Other radiosensitising agents which have been investigated but are not part of standard treatment include Paclitaxel, intra-arterial chemotherapy and hyperthermia. Use of Paclitaxel as a concomitant drug with RT was published in a case series of patients not suitable for cisplatin chemotherapy [27]. Complete response was achieved in 24 out of 28 patients that underwent TURBT 6 weeks after completion of treatment. Intra-arterial chemotherapy with cisplatin delivered concurrently with radiotherapy has been used in some centres in Japan. In a case series of T2-3 N- MIBC complete response rates of around 80% were achieved [28]. 5 year cause specific and overall survival was 86% and 69% . Hyperthermia has been considered to have a radiosensitising effect [29] and has been investigated in various malignancies including bladder. A RCT investigating radiotherapy with hyperthermia and radiotherapy alone including patients with cervical, rectal and bladder cancer showed improved outcomes especially in cervical cancer [30]. Bladder cancer patients (n = 101) had a CR rate of 73% with hyperthermia against 51% with radiotherapy alone but there was no improvement in local control or survival.

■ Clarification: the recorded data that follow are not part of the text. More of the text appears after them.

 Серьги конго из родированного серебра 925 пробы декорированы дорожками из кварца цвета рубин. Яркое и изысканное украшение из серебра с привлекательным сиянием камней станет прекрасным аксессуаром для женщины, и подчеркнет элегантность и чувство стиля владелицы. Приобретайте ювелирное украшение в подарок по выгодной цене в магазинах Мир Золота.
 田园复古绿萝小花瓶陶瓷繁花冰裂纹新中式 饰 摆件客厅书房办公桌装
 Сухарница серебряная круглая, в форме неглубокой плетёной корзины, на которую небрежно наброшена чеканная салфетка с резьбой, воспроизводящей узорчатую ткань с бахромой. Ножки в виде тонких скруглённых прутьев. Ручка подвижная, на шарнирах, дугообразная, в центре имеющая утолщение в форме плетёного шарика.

NEOADJUVANT CHEMOTHERAPY IN BLADDER PRESERVATION STRATEGY WITH CHEMORADIOTHERAPY
The role of neoadjuvant chemotherapy (NAC) with cisplatin based combination in MIBC has been established since publication of metanalysis in 2003 [31] and its update in 2005 [32]. Out of the 11 RCTs, 4 trials included patients with definitive radiotherapy. The largest study in the analysis was the BA06 trial [33] which was a randomised controlled trial that showed 6% absolute 10 year survival advantage with NAC. Around half of the patients underwent definitive radiotherapy in this study. Reduction in relative risk of death from NAC in the radiotherapy group was 20% with confidence interval of the hazard ratio just crossing 1. Radiotherapy and cystectomy groups were not very well balanced in terms of patient characteristics.Nevertheless an interaction analysis showed that there was no evidence that NAC was any less effective when combined with either radiotherapy or cystectomy. None of the trials in the meta-analysis investigated chemoradiotherapy as concurrent chemotherapy was not an established practice at the time. Therefore, the benefit of neoadjuvant chemotherapy with concurrent chemoradiotherapy is not clearly defined.

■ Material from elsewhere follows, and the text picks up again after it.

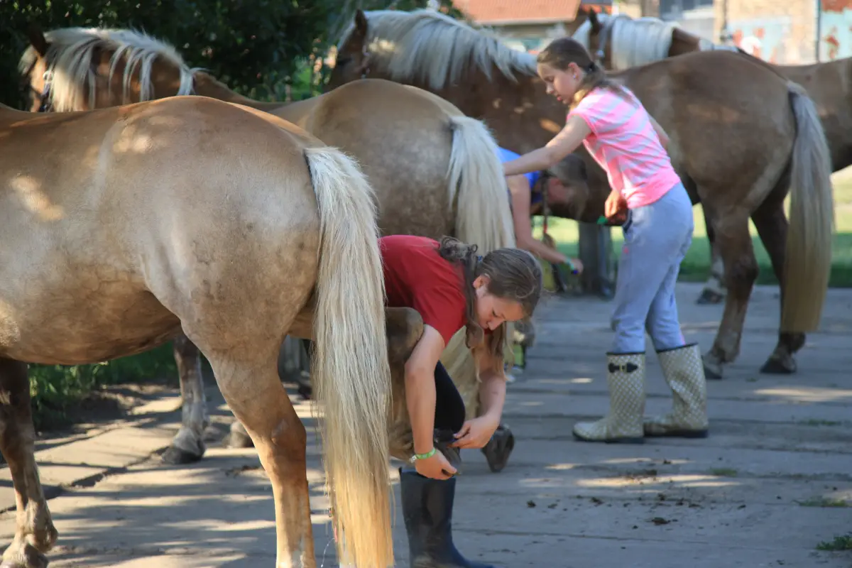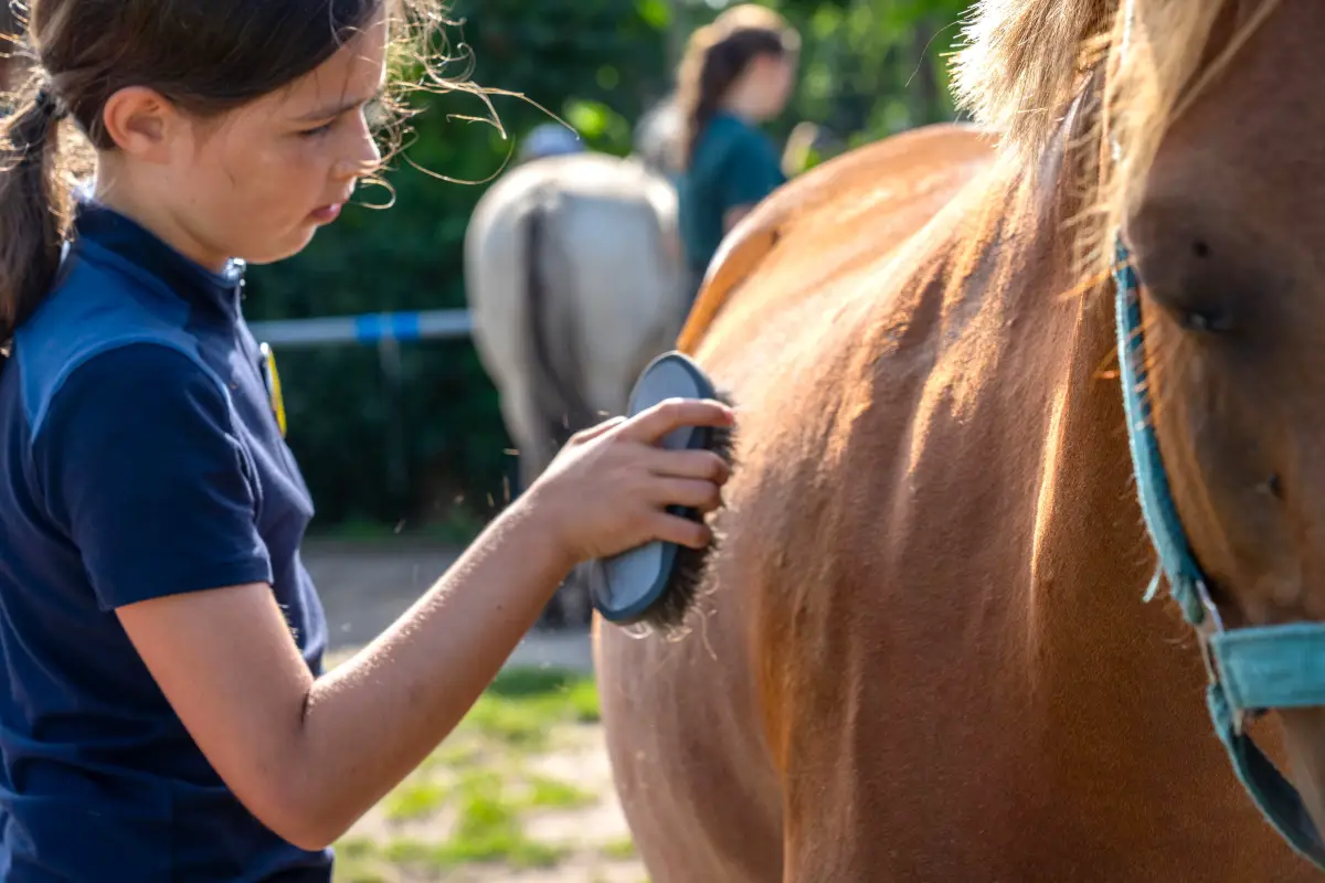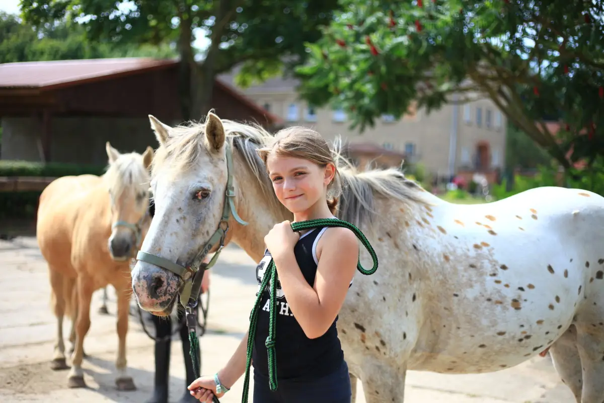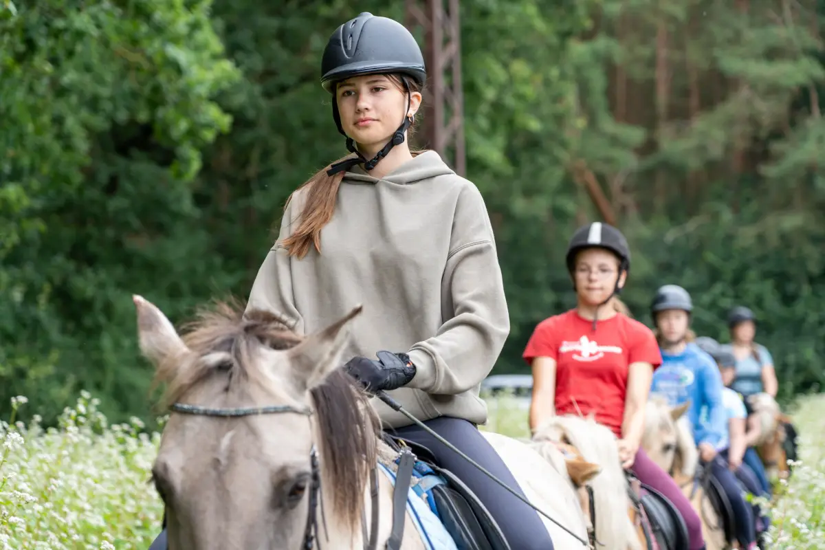 Heute geht’s wieder in den Stall – jedes Pferd freut sich auf „sein Mädchen“. Beim Vormittagstraining stehen diesmal Theorie und Reitpraxis im Mittelpunkt: Wie füttert man richtig? Was braucht ein Pferd, um gesund zu bleiben? Und wie erkennt man, wenn es sich mal nicht wohlfühlt? Am Nachmittag hast du Freizeit – Zeit zum Basteln, Malen oder einfach zum Chillen auf der Wiese. Wenn du magst, kann mit dem Rad zum kleinen Badeausflug am Nebelsee gestartet werden. Natürlich ist unser Team auch hier mit dabei. Abends steht ein lustiger Karaoke-Abend oder eine kleine Mottoparty auf dem Programm – je nach Stimmung!

RTOG 89-03 comparing neoadjuvant chemotherapy followed by concurrent chemoradiotherapy versus chemoradiotherapy alone was prematurely closed due to high rates of neutropenia and sepsis [34]. No significant benefit was observed with neoadjuvant chemotherapy in terms of complete response or survival. Phase II trials of neoadjuvant chemotherapy followed by chemoradiotherapy were undertaken that showed overall survival at 5 years around 50% [35, 36].
The BC2001 protocol allowed neoadjuvant chemotherapy but did not mandate it. About one-third of patients received neoadjuvant chemotherapy. In a pre-planned subgroup analysis the benefit of chemoradiotherapy against radiotherapy alone in locoregional control was consistent regardless of neoadjuvant chemotherapy suggesting that neoadjuvant and concomitant chemotherapy confer separate benefits. Therefore, the benefit of neoadjuvant chemotherapy could be independent of the role of concurrent chemotherapy. However until we have more direct evidence, the role of neoadjuvant chemotherapy in patients undergoing chemoradiotherapy will remain unclear.
PELVIC NODAL IRRADIATION IN BLADDER CANCER
Patients with pelvic lymph node metastases have a worse prognosis [20]. Surgical series have shown that survival improves with increasing number of lymph nodes dissected [37]. Since definitive radiotherapy is an effective treatment for bladder cancer and dissecting pelvic nodes seems to improve outcomes, it has been suggested that including pelvic lymph nodes in the radiation field may improve local control or even survival.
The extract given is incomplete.